NASHVILLE, Tenn. — Rosanne Cash's interest in political and social activism started at a young age, but she also had a role model in her father, Johnny Cash.
The Grammy-winning singer-songwriter will receive the "Spirit of Americana" Free Speech award Wednesday during the Americana Honors & Awards show in Nashville. Her father received the honor in 2002.
"I campaigned for (George) McGovern when I was too young to vote," she told The Associated Press in a recent interview. "I learned, too, at my father's knee. He was tremendously outspoken, but he had the ability to be passionate and righteous and also compassionate at the same time. That's what I try to do, too."
Cash's career started with her 1981 break-out album, "Seven Year Ache," followed by a string of 11 No. 1 country singles. Today, the singer-songwriter has found a better home for her introspective, poetic music in the Americana genre, which encompasses country, folk, blues, rock and much more.
Cash, a passionate advocate for stopping gun violence, was a longtime member of the board of PAX, an organization that has been folded into the Brady Campaign to Prevent Gun Violence.
She says First Amendment rights are under fire around the world.
"It's really alarming," she says. "When the highest echelons of government call to shut down newspapers or strengthen libel laws or investigate journalists, to even attack journalists, that's a very dangerous time. It's one of the foundations of the republic."
And her calls for stricter gun control have been met with threats and vitriol. She said her daughter has received death threats because of her op-ed columns published by The New York Times.
"A lot of times I feel I don't have the courage, but I say it anyway," Cash says. "Because I cannot ... sit here and watch children being slaughtered when they go to school. It's wrong. It's immoral."
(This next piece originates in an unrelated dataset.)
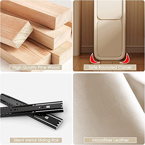 Materiale di qualità: questo mobile per camera da letto in stile moderno della metà del secolo è ben progettato, non solo bello ma anche molto pratico. Il comodino è realizzato principalmente in legno di pino, stabile e durevole, la superficie liscia in pelle in microfibra è facile da pulire e asciugare.

One op-ed came days after the deadliest mass shooting in nation's modern history occurred at a country music festival in Las Vegas last October. She called on the country music community to reject the NRA, which in recent years has sought to tie country music to gun-linked activities like hunting, while also putting its brand on country music tours and concerts.
Cash said some people have talked to her privately about gun control, but she's seen little change regarding the NRA among members of the country music industry.
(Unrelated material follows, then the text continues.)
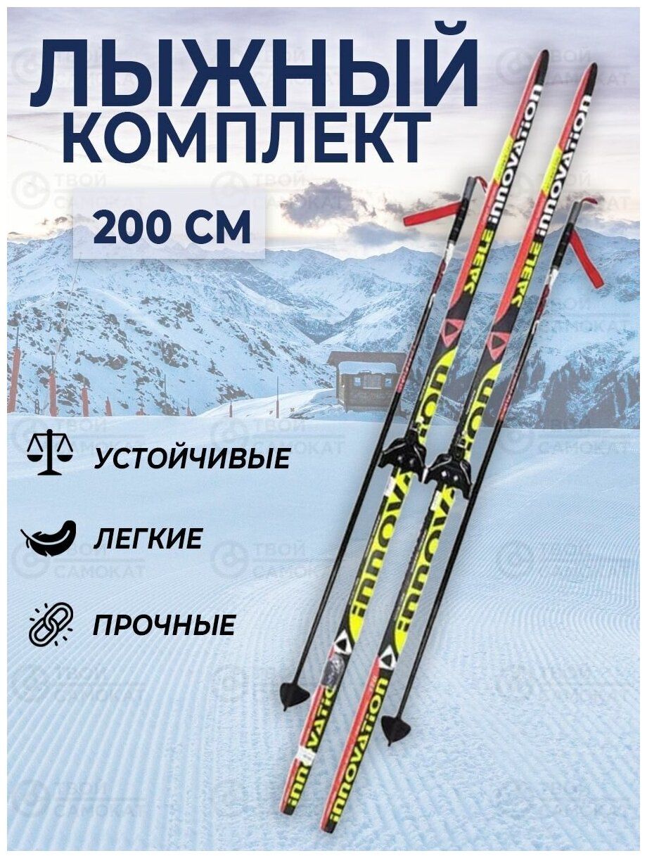 Лыжи Лыжный комплект 75 мм 200 см степ Sable Innovation / Лыжи беговые 200 см, крепления лыжные 75 мм, лыжные палки

"It's not just fear of your fans burning your records or the blowback from fans," Cash said. "It's fear of some kind of disenfranchisement, or not upholding the iconography of the country music industry. I honestly don't know. It's kind of shocking to me."
She's also been a supporter of copyright reform and fair compensation for artists as a board member of the Content Creators Coalition.
"I see so many young musicians quit because they can't pay their rent," Cash said. "And I see a lot of older musicians that can't tour anymore because they are barely scraping by. For a lot of reasons, but one is there are no royalties paid from the digital realm for pre-1972 recordings."
The award is presented in partnership with the First Amendment Center that was founded by journalist and publisher John Seigenthaler Sr. Cash said she deeply admired Seigenthaler for his work during the Civil Rights era when he was the chief negotiator with the governor of Alabama during the Freedom Rides.
During the awards show on Wednesday, Cash will be performing a new song "Everyone But Me" from her upcoming album, "She Remembers Everything." It's a poignant date for Cash as well. It's the 15th anniversary of her father's death.
"He was propelled by his sense of what was moral and what was righteous, his own passion and his own sense of right and wrong. He spoke for Native American rights, for prison reform, against the Vietnam War and many other things," Cash said. "It was all in a day's work."